Volunteers with specific conditions or diseases have additional
online resources to help them locate clinical trials. For example, the
Fox Trial Finder connects Parkinson's disease trials around the world to volunteers who have a specific set of criteria such as location, age, and symptoms. Other disease-specific services exist for volunteers to find trials related to their condition. Volunteers may search directly on ClinicalTrials.gov to locate trials using a registry run by the U.S. National Institutes of Health and National Library of Medicine.
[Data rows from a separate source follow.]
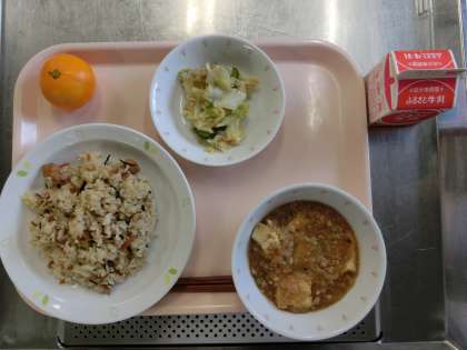 磯ごはん、牛乳、生揚げそぼろあんかけ、ごま酢かけ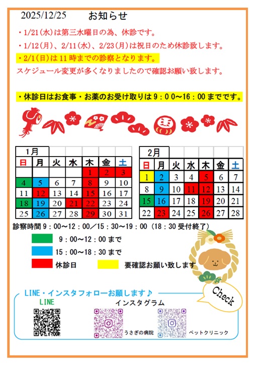 1月の診察スケジュールのお知らせ🐶🐱🐰🎄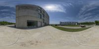 A skateboarder glides down a sloping skate park area near a modern office building in Spain. The clear sky and open space highlight the striking architecture and urban landscape. The person's profile creates a dynamic silhouette against the concrete wall and hard shadows.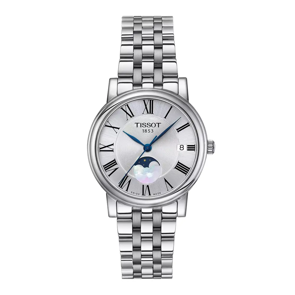 Tissot Carson Premium Lady Moonphase je elegantní dámský model, který spojuje jemnou estetiku, nadčasový styl a švýcarskou preciznost. Pouzdro o průměru 32 mm z ušlechtilé oceli 316L doplňuje vyvážený stříbrný ciferník s římskými číslicemi a modřenými ručkami, které vytvářejí harmonický a klasický vzhled vhodný pro každý den i slavnostní chvíle. Celek doprovází ocelový náramek, jenž podtrhuje elegantní charakter hodinek.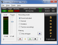 Snooper is a software developed for Windows devices. The functionality present in the utility allows users to record sounds using a microphone connected to a PC or laptop. The possibility of hidden work is implemented, which allows you to hide the recording process from a person. It is possible to make a recording schedule. The program has no localization in Russian.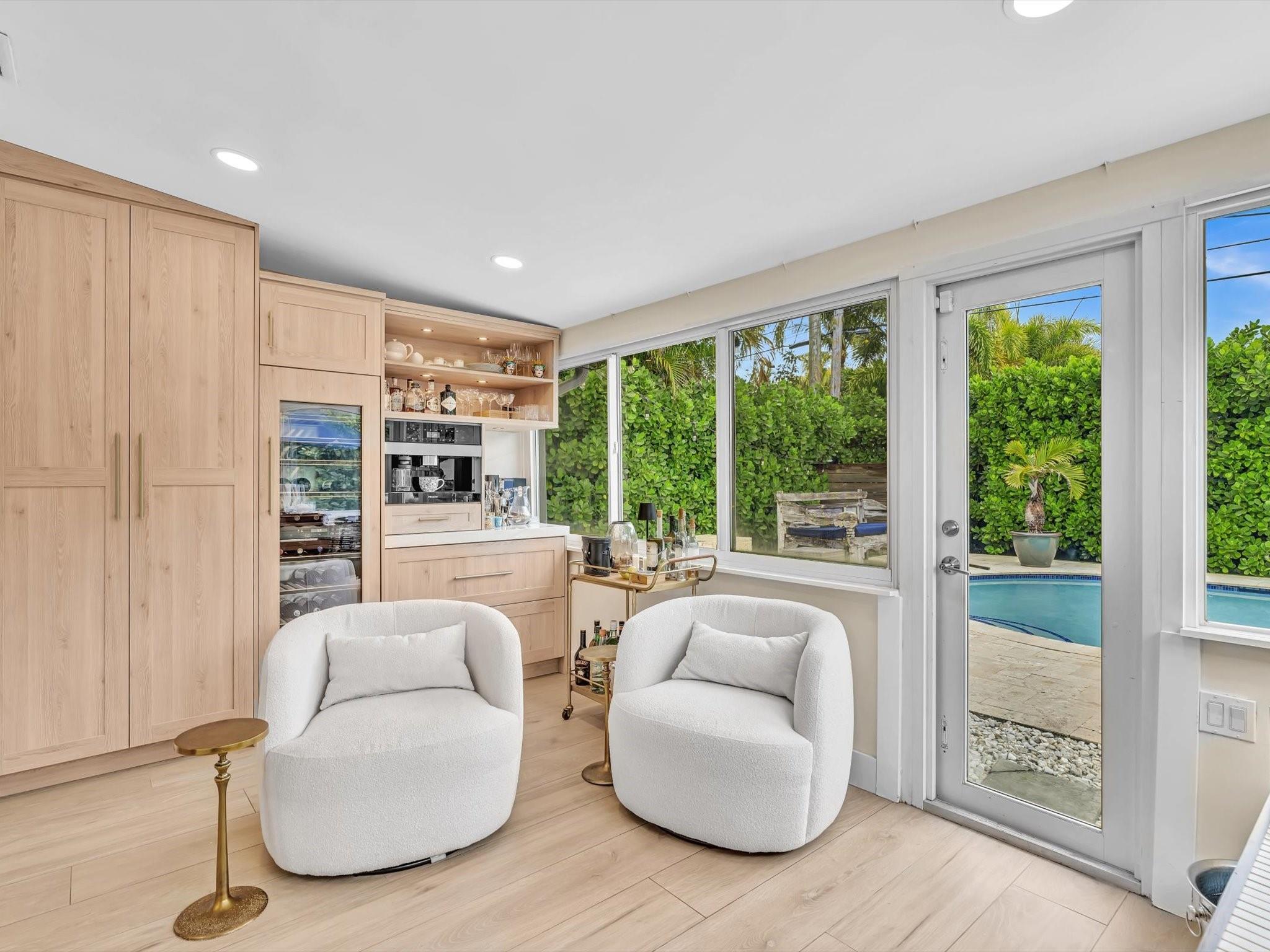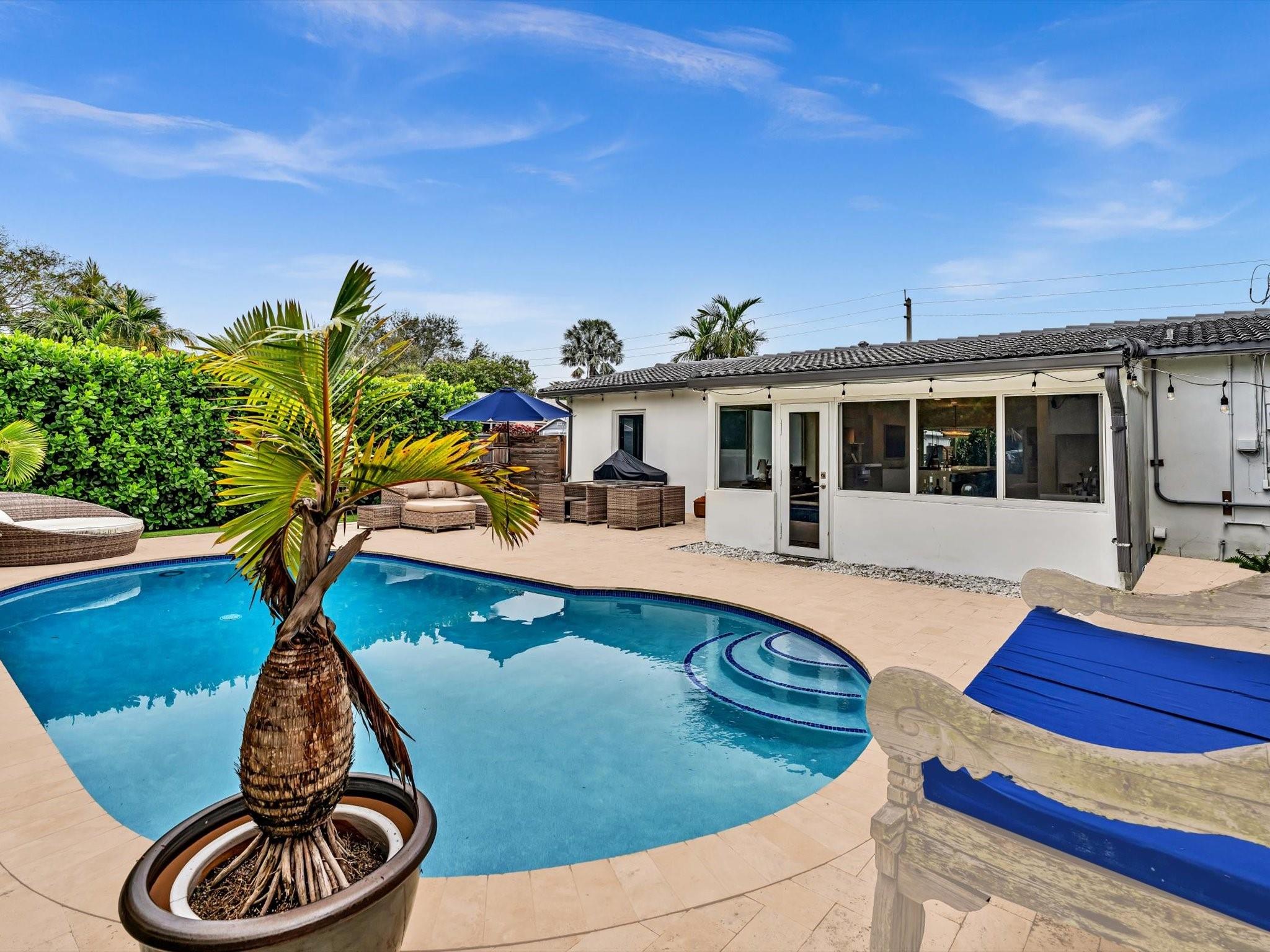 3 Bedroom 2 Bathroom home w/BEAUTIFUL MODERN TOUCHES & COZY VIBES, in the heart of Ft Lauderdale. The fully renovated kitchen boasts high-end Miele appliances, including a built-in refrigerator & gas stove, complimented by an oversized island ideal for culinary creations. With wood-look tile flooring, modern bathrooms, built in coffee machine, wine cooler, tankless instant water heater & hurricane impact windows and doors, this home offers both style and elegance. The backyard is designed for entertaining, featuring a newly finished pool and a heat pump w/chiller for year-round enjoyment. The front yard is professionally landscaped w/lighting and new pavers in the driveway. Located just a short walk from shops, restaurants, and grocery stores, this home provides both convenience and charm.

There also is software that allows clinicians to find trial options for
an individual patient based on data such as genomic data.
Research
Eli Lilly pharmaceutical company recruiting participants at the Indiana State Fair
The risk information seeking and processing (RISP) model analyzes
social implications that affect attitudes and decision making pertaining
to clinical trials. People who hold a higher stake or interest in the treatment provided in
a clinical trial showed a greater likelihood of seeking information
about clinical trials. Cancer patients reported more optimistic
attitudes towards clinical trials than the general population. Having a
more optimistic outlook on clinical trials also leads to greater
likelihood of enrolling.
Matching
Matching
involves a systematic comparison of a patient's clinical and
demographic information against the eligibility criteria of various
trials. Methods include:
Manual: Healthcare providers or clinical trial coordinators
manually review patient records and available trial criteria to identify
potential matches. This might also include manually searching in clinical trial databases.
Electronic health records
(EHR). Some systems integrate with EHRs to automatically flag patients
that may be eligible for trials based on their medical data. These
systems may leverage machine learning, artificial intelligence or precision medicine methods to more effectively match patients to trials. These methods are faced with the challenge of overcoming the limitations of EHR records such as omissions and logging errors.
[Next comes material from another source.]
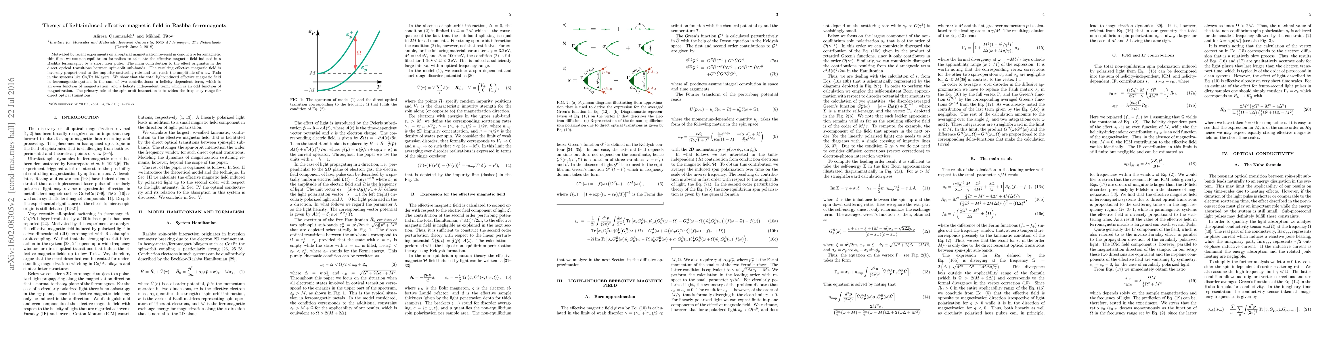 This paper investigates the light-induced effective magnetic field in Rashba ferromagnets using nonequilibrium formalism, revealing contributions from optical transitions between spin-split subbands. The effective magnetic field, reaching up to a few Tesla, is shown to depend on both helicity-dependent and independent terms, with spin-orbit interaction enhancing transition frequency ranges.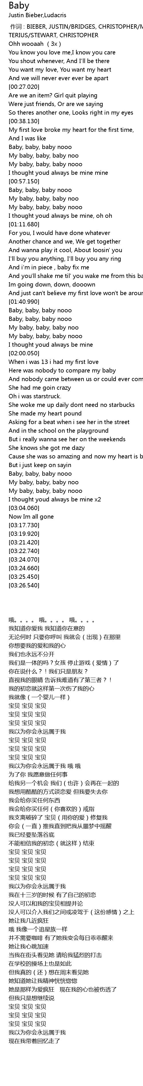 | [00:00.00] | zuo ci : BIEBER, JUSTIN BRIDGES, CHRISTOPHER MILLIAN, C NASH, TERIUS STEWART, CHRISTOPHER |

Direct-to-patient services: Resources are specialized to support
patients in finding clinical trials through online platforms, hotlines,
and personalized support.
Decentralized trials
Although
trials are commonly conducted at major medical centers, some
participants are excluded due to the distance and expenses required for
travel, leading to hardship, disadvantage, and inequity for
participants, especially those in rural and underserved communities.
Therefore, the concept of a "decentralized clinical trial" that
minimizes or eliminates the need for patients to travel to sites, is now more widespread, a capability improved by telehealth and wearable technologies.